## What to do
Please return exactly the line that contains "During a powerful" and every line after it, through the last line of the records below, with no pictures.

[Records excerpted from a collection]
....
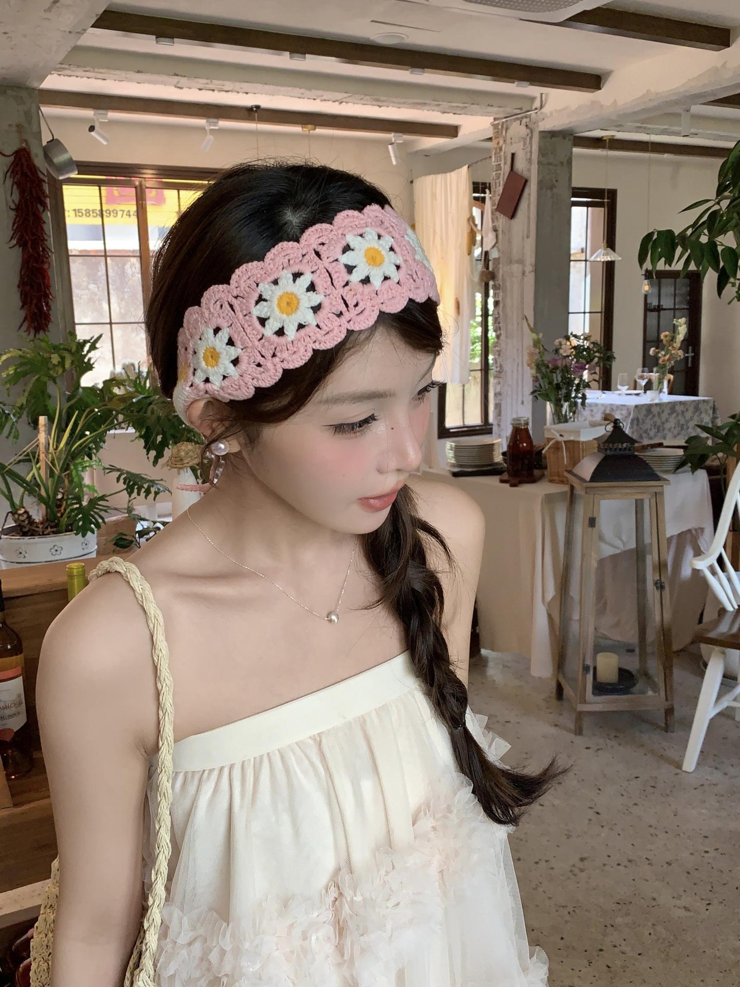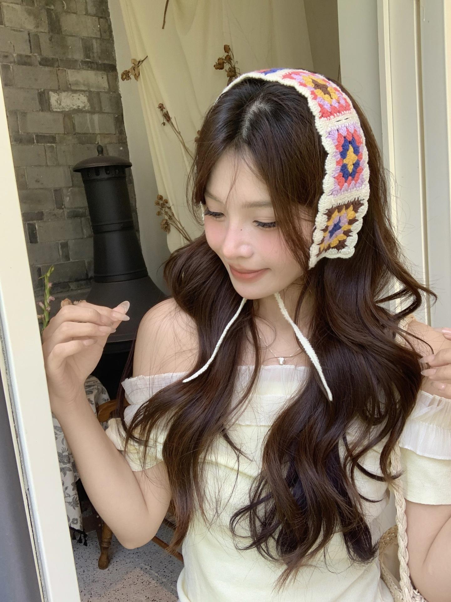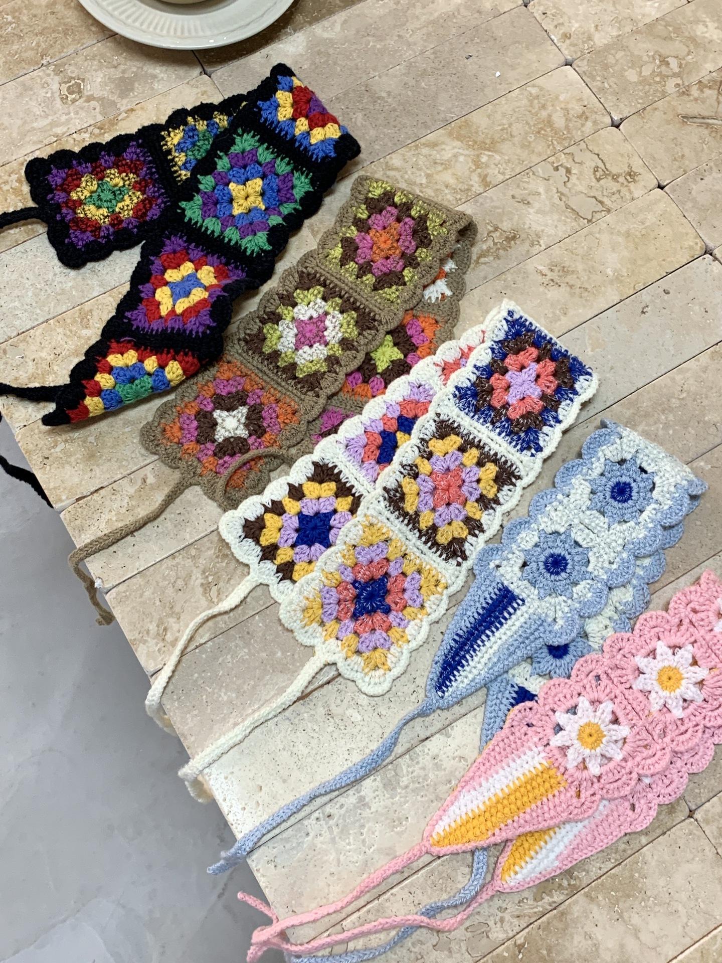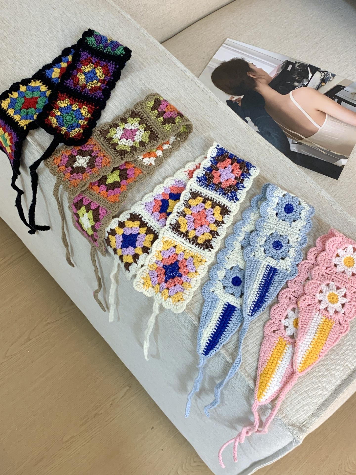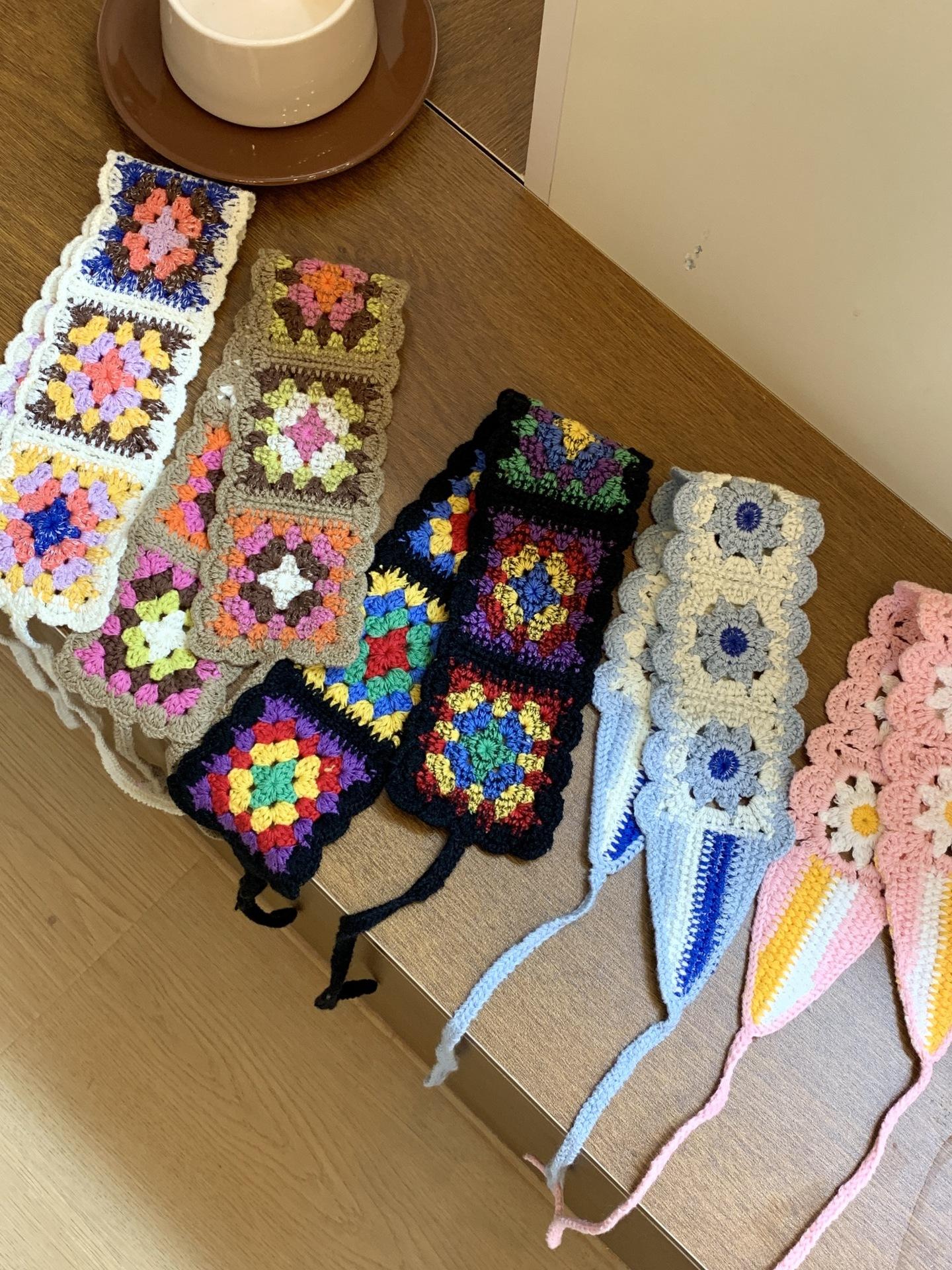 Diadema de Estilo Coreano Retro Hecha a Mano Tejida a Crochet con Flor Calada Estilo Dulce y Lindo Bufanda Triangular Colorida para Mujer Pañuelo para la Cabeza Estilo Literario
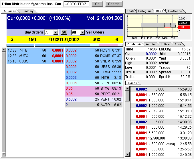 TIBURON, CA, Oct 27, 2010 (MARKETWIRE via COMTEX) -- Triton (pinksheets:TTDZ) announced today that the Company will not extend the deadline related to its Corporate Action for shareholders to turn in for exchange their certificates to the transfer agent by October 30th, 2010.
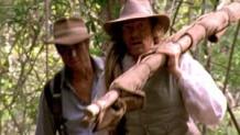 During a powerful thunderstorm on the plateau, all five of our heroes experience dreams and visions of their "lost" colleague, Summerlee, who had disappeared into a raging waterfall and presumed dead. Malone sets off after this ghost, and Challenger Marguerite and Roxton follow Ned. The three are ambushed by cannibals who fancy Marguerite's arm for an aperitif. Roxton and Challenger break free and save her, and then the three resume their hunt for Malone, only to be trapped by a hungry T-Rex.
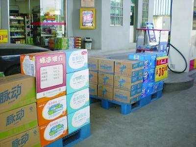 加油站里擺滿(mǎn)出售的商品。
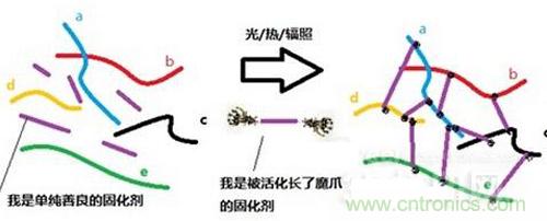 把相對容易流動的液體材料變成固體,這種思路其實并不新鮮,硫化橡膠就是這種材料加工方式的典型例子。那么,固化的過程是如何發生的呢?下面,就讓我們來看圖說話:
....
## Answer for this exercise
 During a powerful thunderstorm on the plateau, all five of our heroes experience dreams and visions of their "lost" colleague, Summerlee, who had disappeared into a raging waterfall and presumed dead. Malone sets off after this ghost, and Challenger Marguerite and Roxton follow Ned. The three are ambushed by cannibals who fancy Marguerite's arm for an aperitif. Roxton and Challenger break free and save her, and then the three resume their hunt for Malone, only to be trapped by a hungry T-Rex.
 加油站里擺滿(mǎn)出售的商品。
 把相對容易流動的液體材料變成固體,這種思路其實并不新鮮,硫化橡膠就是這種材料加工方式的典型例子。那么,固化的過程是如何發生的呢?下面,就讓我們來看圖說話:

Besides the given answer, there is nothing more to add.